Large investment houses, hedge funds, and analysts are assuming that the recession of 08-09 is a normal inventory retrenchment, rooted in overcapacity. Taken together with the conventional and unconventional measures noted above, they almost unanimously agree that a "V-shaped" recovery will ensue, as they have before. In 2007, they all unanimously agreed that there was no overcapacity, and therefore could be no recession. As they were proven wrong for ignoring the debt side of the equation then, so will they again. This was not a normal recession. It was brought on by a credit contraction for the first time since the Great Depression.
The unanimity of opinion on this matter should not be understated. Nearly every investment/business professional (+/- 90%) has received their education from the same sources that suggest a) credit growth/contraction has no appreciable impact on the business cycle or the structure of production; b) aggregate debt levels are irrelevant because "we owe it to ourselves." They are wrong on both accounts.
The mathematically based assumptions of these professionals not only influence their views on an imminent economic recovery to "equilibrium" or "potential output," but they influence their views on how asset markets in general will respond.
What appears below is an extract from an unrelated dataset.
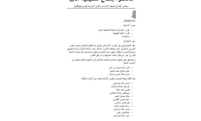 تنسيقية الأحزاب اليمنية تعقد اجتماعها الأول بالمكلا وتُشكل سكرتارية ولجنة لوضع اللائحة التنظيمية

Naturally, these mathematical models with all their flawed assumptions paint a very favourable picture for stocks, corporate bonds, commodities and foreign currencies.
Because I operate from a different perspective, focusing on debt and the effects it has on growth patterns, my views on asset markets are also different. I see the present (and pre-bubble) valuations of these assets as being determined on the availability of credit and thus the ability for people to borrow money for speculative purposes. Comparative valuation analysis of the past 30 years (during which credit growth was excessive) with the previous 100 years of data is supportive of this claim. To date, I have found no other explanation for these discrepancies.
The value of any asset is primarily owed to its ability to generate cashflow. The value of an apartment building is the amount of rents it can generate over the projected life of the building minus property taxes, maintenance costs, and depreciation. But over the past few decades a premium has been applied to this. Because interest rates have been held below the rate of credit growth, asset prices can reasonably be expected to increase. It is a simple calculation for speculators: if outstanding credit is expanding at 8% per year, then the price of an asset should rise to reflect the total amount of credit available to purchase it. But if interest rates are at only 5%, then owning the asset yields a greater return than a savings account.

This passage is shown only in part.